Computer scientist Biplav Srivastava provides a demo of the simulation to demonstrate that previous policies to recommend the use of masks make a bigger difference in the spread of the coronavirus.
What does this computer model do?
This is a nationwide tool that can show the effect masks can have. If it’s a county where people regularly wear masks, it’ll show you how many COVID-19 cases and deaths they’ve avoided. If you choose a county where people don’t wear masks, it will show you how many cases and how many deaths could have been avoided there.
How does it do it?
We need a lot of data to do this. The New York Times surveyed nearly every county in the United States over the summer and assigned a mask-wearing rating of 0-5 to each, so that’s the heart of the model. We also use data from the New York Times and Johns Hopkins for real-time case numbers; census data for demographics such as population size, average age, and more; and geographic data to measure the distance between counties.

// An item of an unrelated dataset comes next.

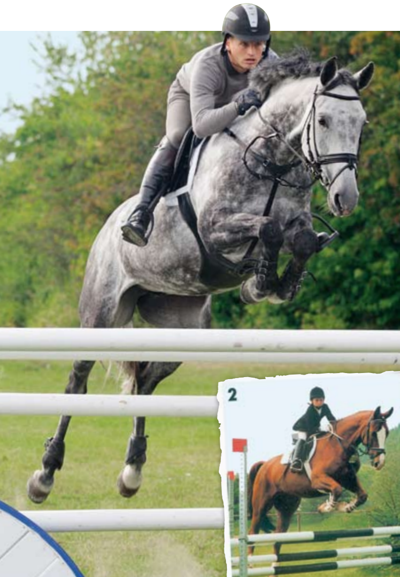
2 Der Reiter zeigt eine sehr gute Beinhaltung, das Gesäß kommt korrekt aus dem Sattel.

Der Himmel weiß es bereits. Aber er sagt nichts. Er allein weiß, dass in zwei Wochen dem Erfolgsbuch mit der Überschrift „Buschreiter Michael Jung“ ein weiteres Kapitel hinzugefügt werden soll. Ein zentrales Kapitel, das den Überraschungsweltcup Sieger 2009 zum WM-Anwärter 2010 werden lässt. Der Weg nach Kentucky führt über Fontainebleau. Offiziell geschrieben steht das nirgends. Aber alle wissen das. Offizielle wohl genauso wie das Bundestrainer-Duo. Und auch die deutsche Kernmannschaft, die Olympiasieger und Weltmeister. Jene Sechserbande, die in abwechselnder Teambesetzung für das „Unternehmen Edelmetall“ der Buschequipes verantwortlich zeichnet. Ein Inner Circle, in den hineinzukommen nicht einfach ist. Zumal im kommenden Jahr ein hoffentlich wieder voll gesunder Marius mit Hinrich Romeike einen Teamplatz sicher haben dürfte.

It is based on a mathematical technique called robust synthetic control, which is often used in drug research, where there is a control group and a treatment group.
For example, let’s take a look at Wyandotte County, Kansas. It has a relatively high rating of wearing the mask of around 3.4. Why is the model designed to tell us “what if?” scenario, will examine what would have happened if the wearing mask score had been reduced to 3.0, which is our limit for “wearing the mask low”, but the user can experiment with other values as well just to see what happens. We arrived at 3.0 based on the analysis of habits of wearing masks nationwide. Actual values ranged from 1.4 to 3.85, with a national average of 2.98.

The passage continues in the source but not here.